Extracted records:
BEGIN

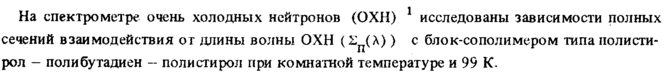 На спектрометре очень холодных нейтронов (ОХН) исследованы зависимости полных сечений взаимодействия от длины волны ОХН (^π(λ)) с блок-сополимером типа полистирол поли бутадиен полистирол при комнатной температуре и 99 К.
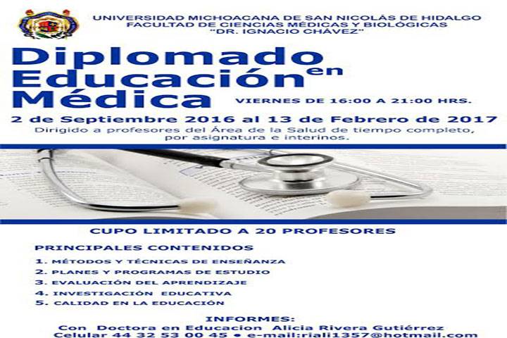 Con el objetivo de apoyar a los profesores en el desempeño de su labor docente de una manera óptima, mediante una actualización en cuanto a las técnicas de enseñanza y planes de estudio, la Facultad de Ciencias Médicas y Biológicas "Dr. Ignacio Chávez" de la Universidad Michoacana de San Nicolás de Hidalgo, invita a los profesores interesados a participar en su próximo Diplomado en Educación Médica.
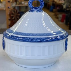 Fin skål fra Royal Copenhagen med blå dekorationer. Bemærk den fine detalje med hulmønster langs kanten. Helblonde lille brændingsfejl se billede 3 eller hel fin stand 3/sortering flot malet
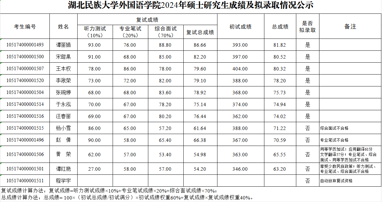 雷竞技raybet登录入口外国语学院2024年硕士研究生成绩及拟录取情况公示
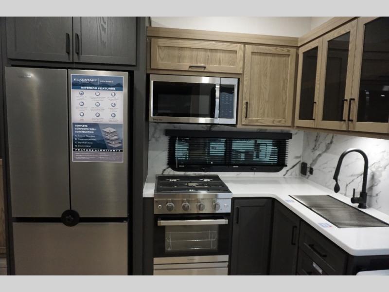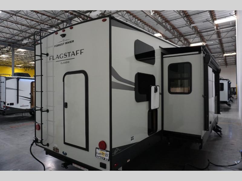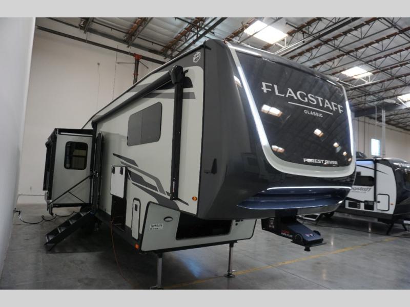 Each one of these Forest River Flagstaff Classic fifth wheels or travel trailers will be your home on wheels! Their quality craftsmanship and attention to detail shines through the enclosed underbelly, the fully laminated walkable roof, and six-sided full-aluminum frame. Towing your unit will be easy with the Goodyear Endurance tires plus RoadTech tire pressure monitoring. Additional exterior features include a 200W solar panel, slam baggage doors, a Key-Alike lock system, and double 30 lb. LP tanks to name a few conveniences. Head inside to find a residential style gas range, solid surface kitchen and bath countertops, soft close hidden cabinet hinges, and more comforts!

END

_What to produce_. Your reply should consist solely of the lines above, from the opening line through the line with "Con el objetivo", reproduced exactly and without pictures.

_Answer to this exercise_.
 На спектрометре очень холодных нейтронов (ОХН) исследованы зависимости полных сечений взаимодействия от длины волны ОХН (^π(λ)) с блок-сополимером типа полистирол поли бутадиен полистирол при комнатной температуре и 99 К.
 Con el objetivo de apoyar a los profesores en el desempeño de su labor docente de una manera óptima, mediante una actualización en cuanto a las técnicas de enseñanza y planes de estudio, la Facultad de Ciencias Médicas y Biológicas "Dr. Ignacio Chávez" de la Universidad Michoacana de San Nicolás de Hidalgo, invita a los profesores interesados a participar en su próximo Diplomado en Educación Médica.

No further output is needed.